ПОЭЗИЯ РИММЫ ЗАПЕСОЦКОЙ
Запесоцкая Римма Григорьевна [р.1949, Ленинград] – поэт.
В 1972 окончила психологический факультетт ЛГУ. Работала по специальности, затем – дворником, лаборантом, машинисткой, стрелком ВОХР, рабочим археологических экспедиций, библиографом, редактором, корректором, оператором газовой котельной.
Публиковала стихи в журналах «Континент» и «Вестник РХД», на родине – в самиздатских альманахах «Топка» и «ЛЕА», в газете «Аничков мост». В 1980-е участвовала в еврейском национально-культурном движении.
Выпустила несколько сборников стихотворений. В последние годы, оказавшись между СПб. и Лейпцигом, Р. Запесоцкая много публикуется в журнале «Крещатик».
О стихах Запесоцкой О. Бешенковская пишет: «Негромкий, искренний, чистый голос самыми простыми поэтическими средствами подымает наши души в голубизну обитаемой высоты. Автор, взрастивший в себе подлинное, не замутненное фарисейством христианское сознание, тонко чувствует границу меж душой и Духом <…> Запесоцкая пишет даже не для узкого круга, тем паче – не для печати, а, именно только для себя… Как шепчут молитву на ночь в пустом доме – и вдруг оказывается, что ее стихи нужны мне. И еще кому-то…»

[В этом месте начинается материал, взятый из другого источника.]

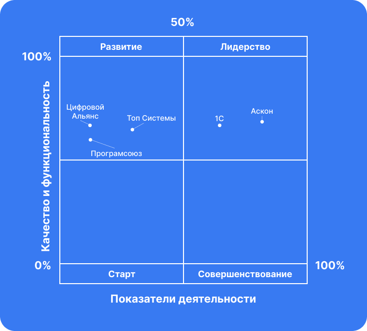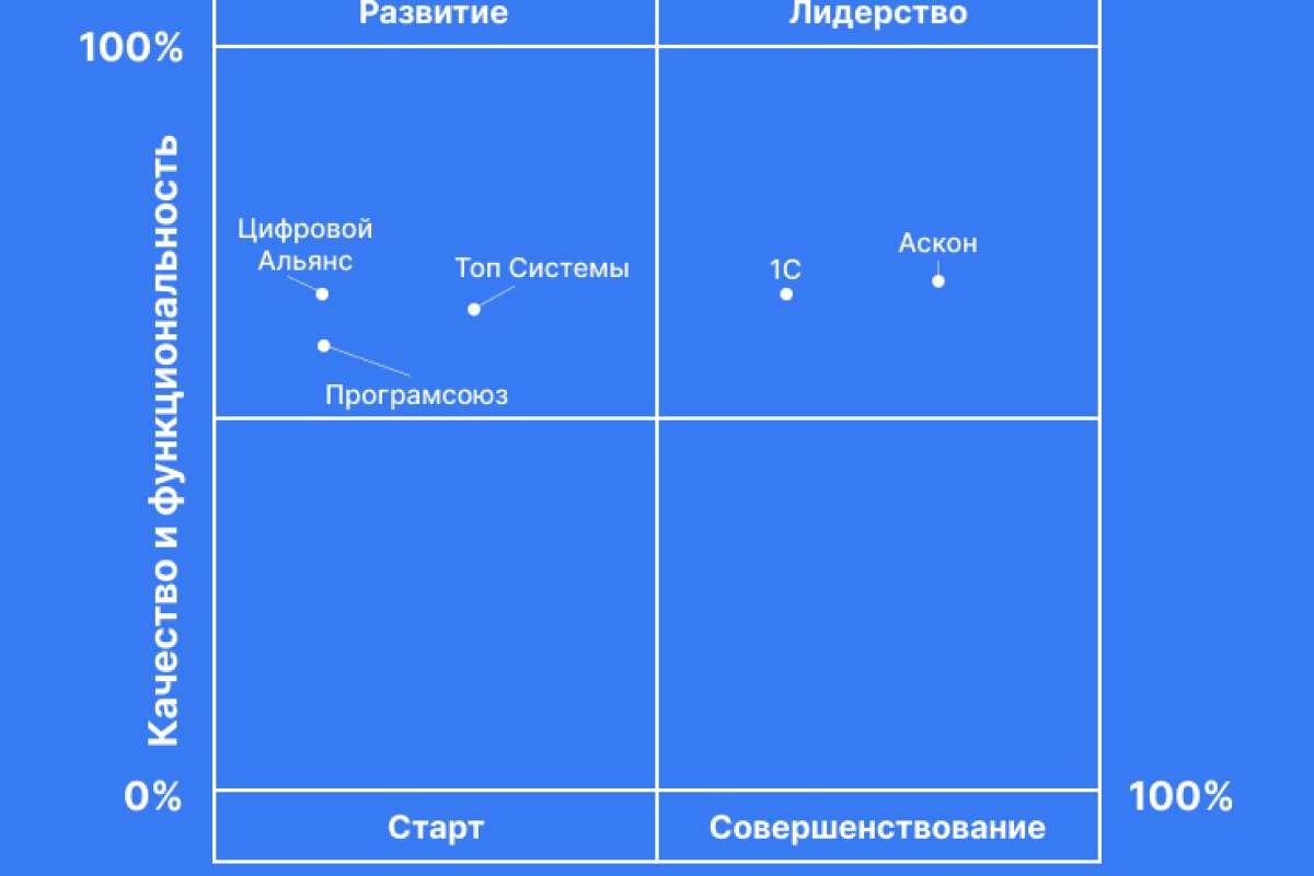 Лидерами российского рынка PLM являются «Аскон» и 1С. В квадранте «Развитие» фигурируют три вендора, предлагающие PLM-продукты: «Топ Системы», «Цифровой альянс», «Програмсоюз». Наличие сразу трех вендоров в данном квадранте является показателем готовности к конкуренции на рынке цифровой продукции. А это, в свою очередь дает лидерам повод работать над совершенствованием своих продуктов.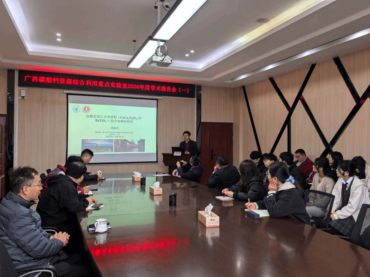 为搭建碳酸钙资源综合利用领域的学术交流平台,推动关键技术创新与产业高质量发展,近日,我院举办的广西碳酸钙资源综合利用重点实验室 2026年度系列学术报告在求真楼二楼220会议室召开。本次学术报告由陈珍明院长主持,学院全体教师和全体研究生共同参加。

Источник: https://lavkapisateley.spb.ru/enciklopediya/z/zapesockaya-rimma-
Из книги «Мост над пропастью»
В стихах Риммы Запесоцкой заново всплывает чувство бездны, с которой русскую поэзию сроднил Тютчев. Чувство, которое может принять облик страха перед бездной зла, дремлющего в душе, и облик страха перед бесконечностью пространства и времени, где тонет без следа наше «я». Это не болезнь, без которой лучше всего обойтись. Это боль, в которой рождается нечто великое, боль, ведущая к радости увиденного вечного света и к радости творческого мгновения, когда удаётся замкнуть параболу, летящую из ниоткуда в никуда, – в круг художественной цельности.

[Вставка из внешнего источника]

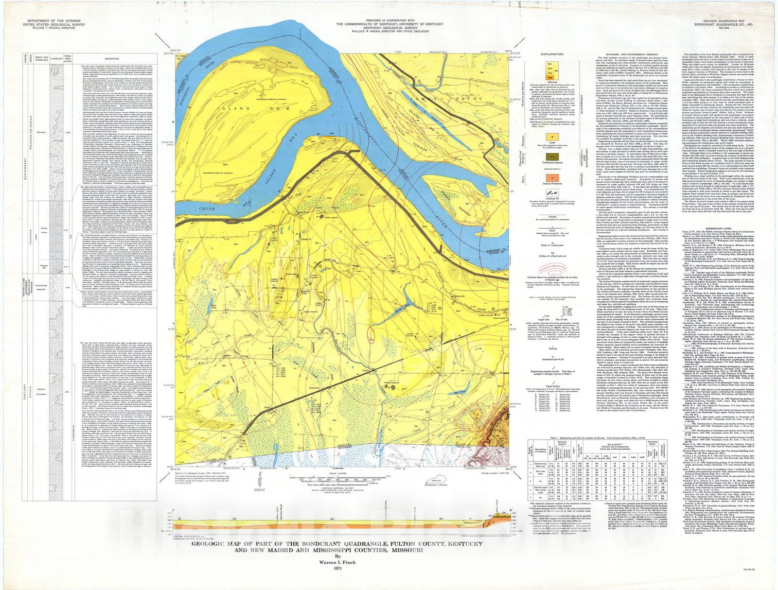 Geologic map of part of the Bondurant quadrangle, Fulton County, Kentucky and New Madrid and Mississippi Counties, Missouri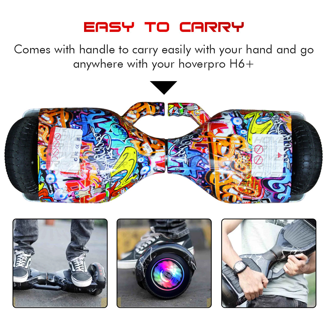 Our flagship model is a high-tech, hassle-free Hoverboard that offers the ultimate riding experience regardless of age or skill level. When put head to head with even the most expensive Hoverboard brands, the H6 has been rated #1 in both safety & durability. The hypersensitive gyro-sensors with START-UP Balance 2.0 make it an excellent choice for smaller riders while enabling it to turn on a dime for full-sized riders (unlike other brands with a lag in responsiveness causing the rider to fall off). Zoom effortlessly indoors & out across all types of flat terrain and integrated LED lights, Led Wheels & Bluetooth 4.0 so you can pump your music & light up the night as you ride!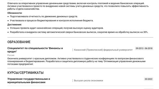 Хотите создать резюме, которое выделит вас среди других кандидатов? Изучение готового пример резюме главного специалиста казначейства поможет составить эффективный документ и быстрее получить желаемую работу. 💼 На этой странице представлен готовый пример резюме главного специалиста казначейства, а также детальные пошаговые инструкции по заполнению всех ключевых разделов, учитывающие актуальные требования работодателей и необходимые навыки: Материалы полезны как для начинающих, так и для опытных специалистов, стремящихся создать эффективное резюме...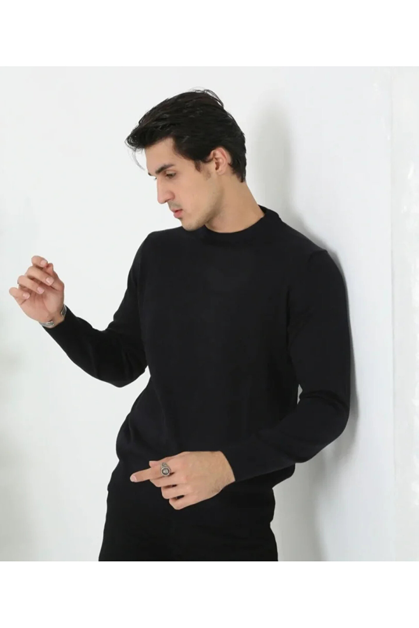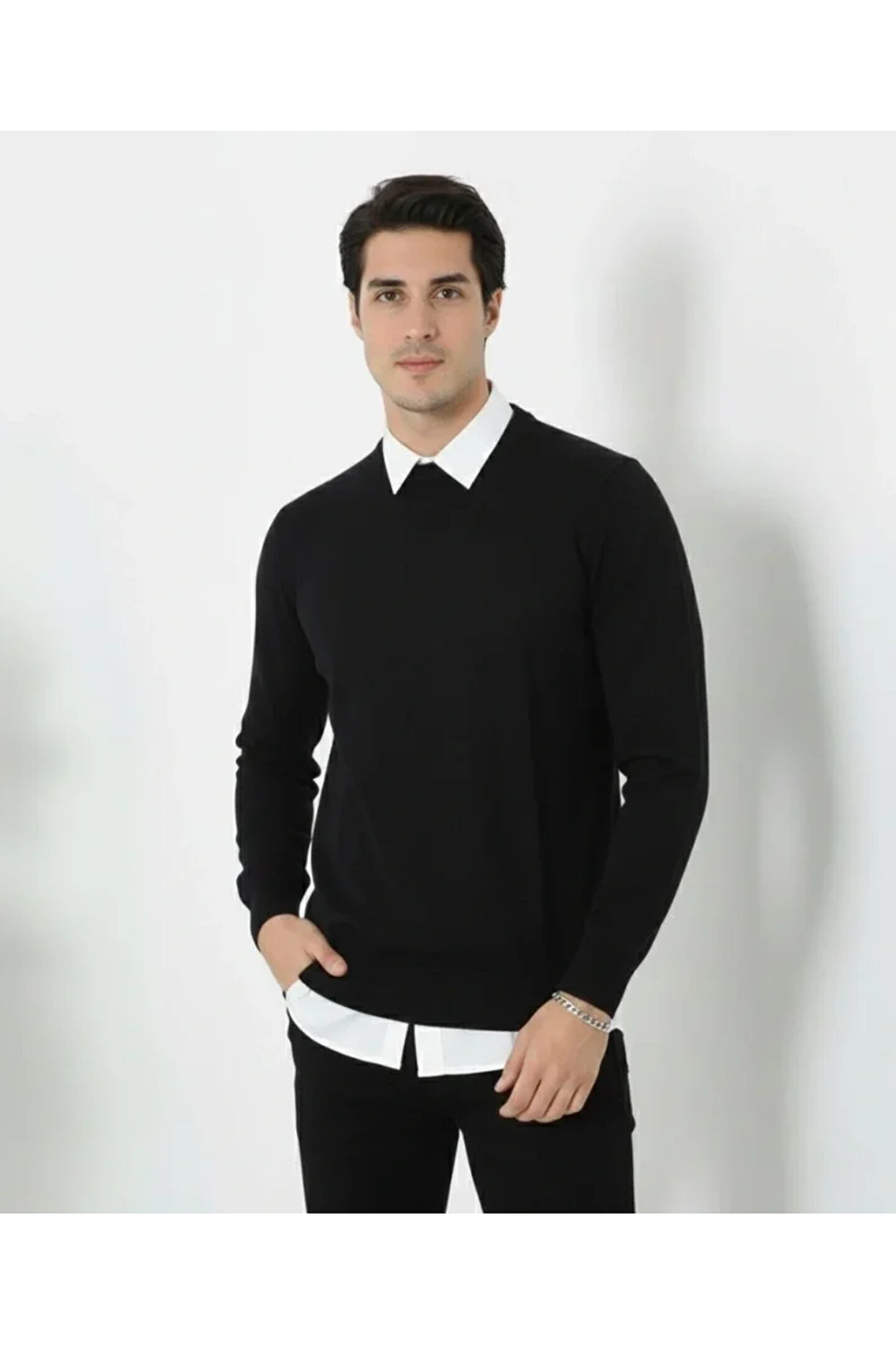 Erkek Bisiklet Yaka Triko Kazak Yumuşak Dokulu Pamuklu Ince Dokuma, Uzun Kollu Rahat Regular Kalıp - Siyah

Поэт погружён в свои внутренние проблемы. Но эти личные проблемы суть вечные проблемы каждой развитой личности – в юности, в зрелые годы, в старости. Сквозная метафизическая тема делает Римму Запесоцкую – говоря словами Цветаевой – «поэтом без истории».
Моя единственная тема
как будто вышла на поток.
В моих словах одна дилемма,
в моих стихах один итог –
и неизбывная греховность,
и по иной земле тоска,
и Божьей милостью неровность
неповторимого мазка.
В том же году – снова, еще острее:
Бесконечно маленькая точка,
созданная в зоне мерзлоты,
на огромном дереве листочка
нету беззащитнее, чем ты.
Чуткая ко всем прикосновеньям,
раненная каждою бедой,
ты не прикрываешься забвеньем
и неравный принимаешь бой…
Мартин Бубер, переживший страх бездны в 14 лет и едва не сошедший от этого с ума, сближает паскалевское (для нас – и тютчевское) чувство бесконечности со страхом Божьим. Оно действительно толкает к поискам смыслообразующего начала по ту сторону пространства и времени. Поиски веры начинаются с неверия в окончательность очевидного.
И пульсом бьётся ощущение
конца истории земной.
И жизнь уходит, а прощение
ещё не выстрадано мной.
Когда были написаны эти строки, поэту было 33 года. Чувству разрыва времени, неожиданному прорыву в вечность «все возрасты покорны». Здесь особый счет начальных и зрелых лет. Зрелость – возвращение в мир пяти чувств, но с каким-то новым, шестым – чувством глубины.
В средневековой китайской притче сжато пересказан путь к зрелости: «Сперва я не знал Учения и думал, что гора есть гора. Потом, познав Учение, понял, что гора – вовсе не гора. Но еще больше углубившись в Учение, я постиг: гора есть гора!» Мало кто проходит этот путь до конца. В православии это называется трезвением. Не житейским трезвым отличием предмета от предмета, а чувством вечности, вмещённым в сердце и пронесённым сквозь повседневность.
Вера начинается с неверия в окончательность страдания и смерти. Неверие в неподлинное толкает к подлинной вере. До нее трудно дойти. Поэты, затронутые страхом Божьим, по большей части остаются на мучительном раздорожье, – без полноты неверия в мир обособленных вещей и без полноты веры в реальность Целого.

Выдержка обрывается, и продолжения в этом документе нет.